Bug 1323754

Summary: selinux will prevent snapperd from relabeling btrfs .snapshots subvolume
Product: [Fedora] Fedora Reporter: Ondrej Kozina <okozina>
Component: selinux-policy-targetedAssignee: Lukas Vrabec <lvrabec>
Status: CLOSED ERRATA QA Contact: Ben Levenson <benl>
Severity: high Docs Contact:
Priority: high    
Version: 25CC: dwalsh, lvrabec
Target Milestone: ---   
Target Release: ---   
Hardware: Unspecified   
OS: Unspecified   
Whiteboard:
Fixed In Version: selinux-policy-3.13.1-184.fc24 Doc Type: Bug Fix
Doc Text:
Story Points: ---
Clone Of: Environment:
Last Closed: 2016-09-21 00:37:01 UTC Type: Bug
Regression: --- Mount Type: ---
Documentation: --- CRM:
Verified Versions: Category: ---
oVirt Team: --- RHEL 7.3 requirements from Atomic Host:
Cloudforms Team: --- Target Upstream Version:

Description Ondrej Kozina 2016-04-04 15:33:06 UTC 
Description of problem:

This bug report doesn't affect current snapper yet, but while testing a fix for a bug 1247530 I've found selinux is preventing snapperd from relabeling the btrfs .snapshots subvolume:

The core of the fix is to allow snapper to relabel btrfs subvolumes with correct context read from /etc/selinux/targeted/contexts/snapperd_contexts file
which snapperd is unable to do:

type=AVC msg=audit(1459780976.185:680): avc:  denied  { relabelfrom } for  pid=3346 comm="snapperd" name=".snapshots" dev="dm-15" ino=256 scontext=system_u:system_r:snapperd_t:s0-s0:c0.c1023 tcontext=system_u:object_r:unlabeled_t:s0 tclass=dir permissive=1

type=AVC msg=audit(1459780976.185:681): avc:  denied  { relabelto } for  pid=3346 comm="snapperd" name=".snapshots" dev="dm-15" ino=256 scontext=system_u:system_r:snapperd_t:s0-s0:c0.c1023 tcontext=system_u:object_r:snapperd_data_t:s0 tclass=dir permissive=1
Comment 1 Ondrej Kozina 2016-04-04 15:34:08 UTC 
Also related to bug 1247532
Comment 2 Jan Kurik 2016-07-26 04:37:45 UTC 
This bug appears to have been reported against 'rawhide' during the Fedora 25 development cycle.
Changing version to '25'.
Comment 3 Fedora Update System 2016-09-15 17:23:35 UTC 
selinux-policy-3.13.1-214.fc25 has been submitted as an update to Fedora 25. https://bodhi.fedoraproject.org/updates/FEDORA-2016-5f88bebc7c
Comment 4 Fedora Update System 2016-09-16 01:23:50 UTC 
selinux-policy-3.13.1-214.fc25 has been pushed to the Fedora 25 testing repository.
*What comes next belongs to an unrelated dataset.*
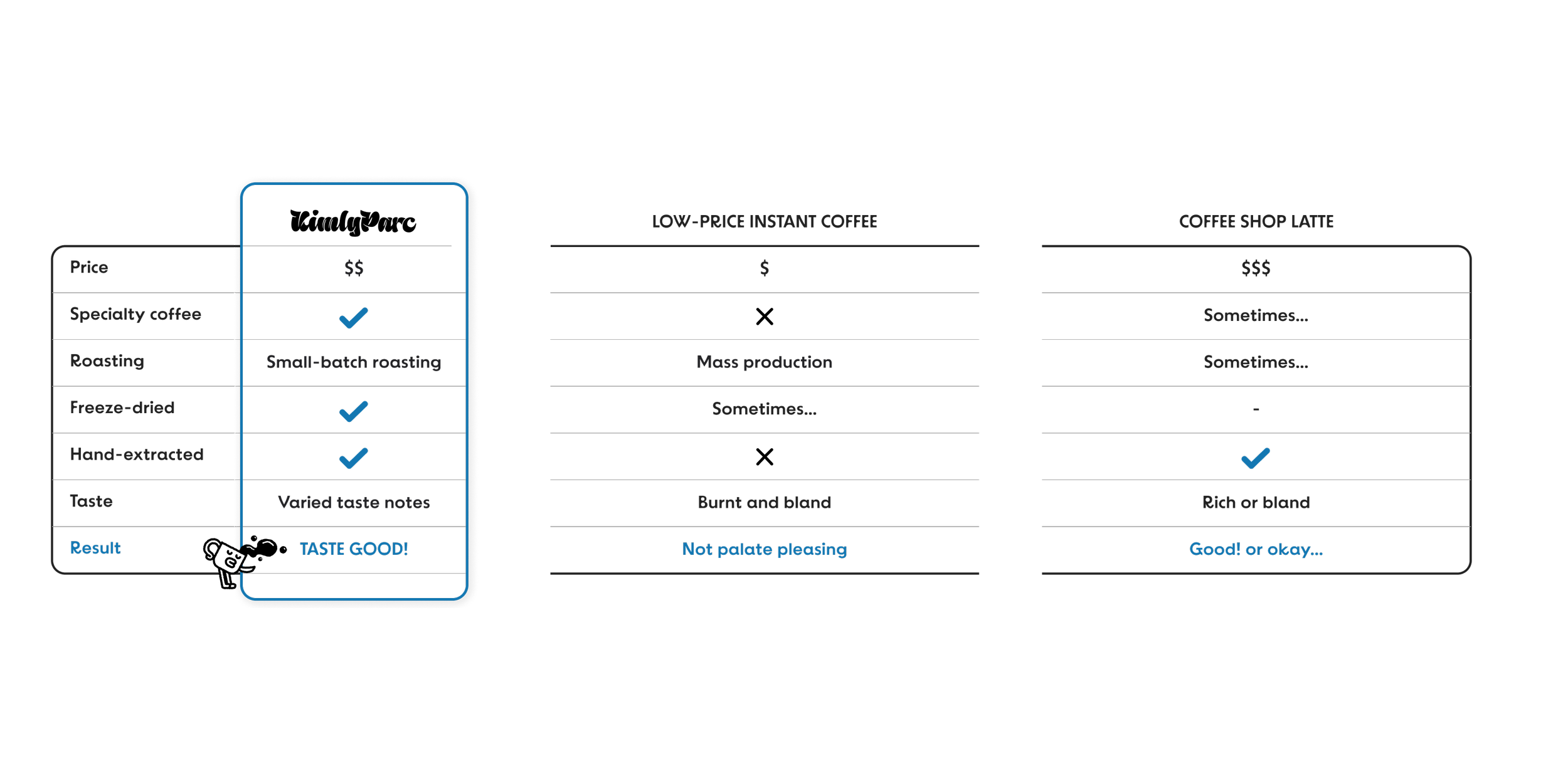 I created infographics for brew guides, ingredients, coffee bean, and competitive chart - making KimlyParc’s product strengths clear, intuitive, and easy to trust at a glance.

If problems still persist, please make note of it in this bug report.
See https://fedoraproject.org/wiki/QA:Updates_Testing for
instructions on how to install test updates.
You can provide feedback for this update here: https://bodhi.fedoraproject.org/updates/FEDORA-2016-5f88bebc7c
Comment 5 Fedora Update System 2016-09-21 00:37:01 UTC 
selinux-policy-3.13.1-214.fc25 has been pushed to the Fedora 25 stable repository. If problems still persist, please make note of it in this bug report.